FDA seeks tougher rules on antibacterial soaps
WASHINGTON — The federal government said on Monday it has no evidence that antibacterial chemicals used in liquid soaps and washes help prevent the spread of germs, and it is reviewing research suggesting they may pose health risks.
Regulators at the Food and Drug Administration said they are revisiting the safety of chemicals such as triclosan in light of recent studies suggesting the substances can interfere with hormone levels and spur drug-resistant bacteria.
The government's preliminary ruling lends new support to outside researchers who have long argued that the chemicals are, at best, ineffective and at worst, a threat to public health.
Under a proposed rule released on Monday, the agency will require manufacturers to prove that antibacterial soaps and body washes are safe and more effective than plain soap and water.
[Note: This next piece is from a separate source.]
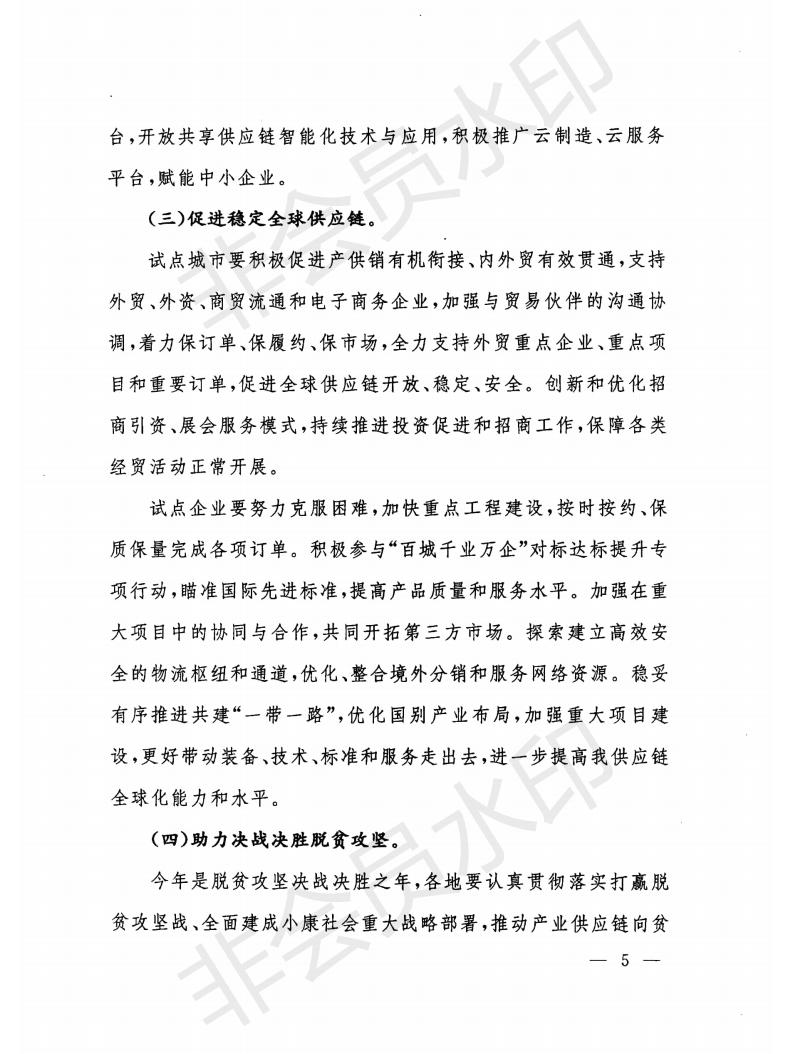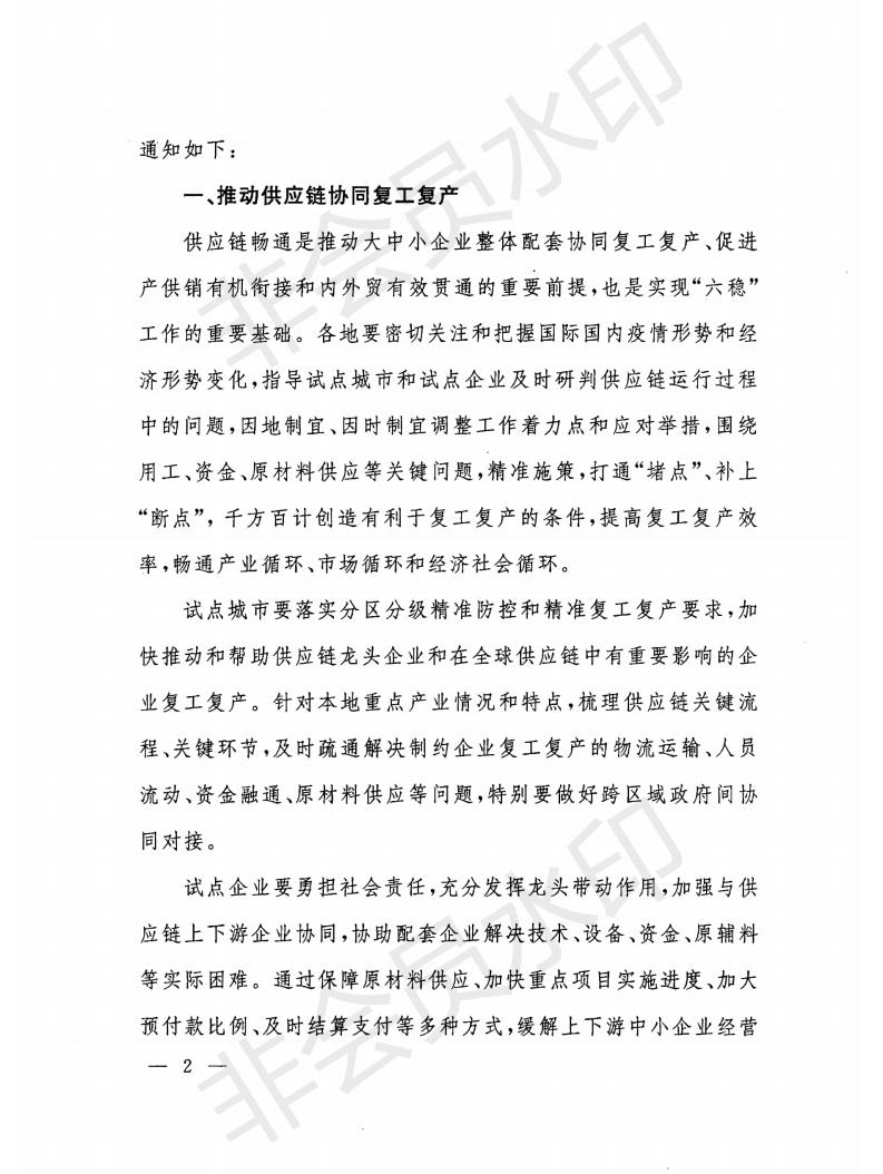 通知要求,試點城市要落實分區分級精準防控和精準復工復產要求,加快推動和幫助供應鏈龍頭企業和在全球供應鏈中有重要影響的企業復工復產;試點企業要勇擔社會責任,充分發揮龍頭帶動作用,加強與供應鏈上下游企業協同,協助配套企業解決技術、設備、資金、原輔料等實際困難。

Products that are not shown to be safe and effective by late 2016 would have to be reformulated, relabeled or pulled.
“I suspect there are a lot of consumers who assume that by using an antibacterial soap product they are protecting themselves from illness, protecting their families,” said Sandra Kweder, deputy director in FDA's drug center. “But we don't have any evidence that that is really the case over simple soap and water.”
A spokesman for the cleaning product industry did not immediately respond to a request for comment.
The FDA ruling does not apply to hand sanitizers, most of which use alcohol rather than antibacterial chemicals.
The agency will accept data from companies and researchers for one year before beginning to finalize the rule.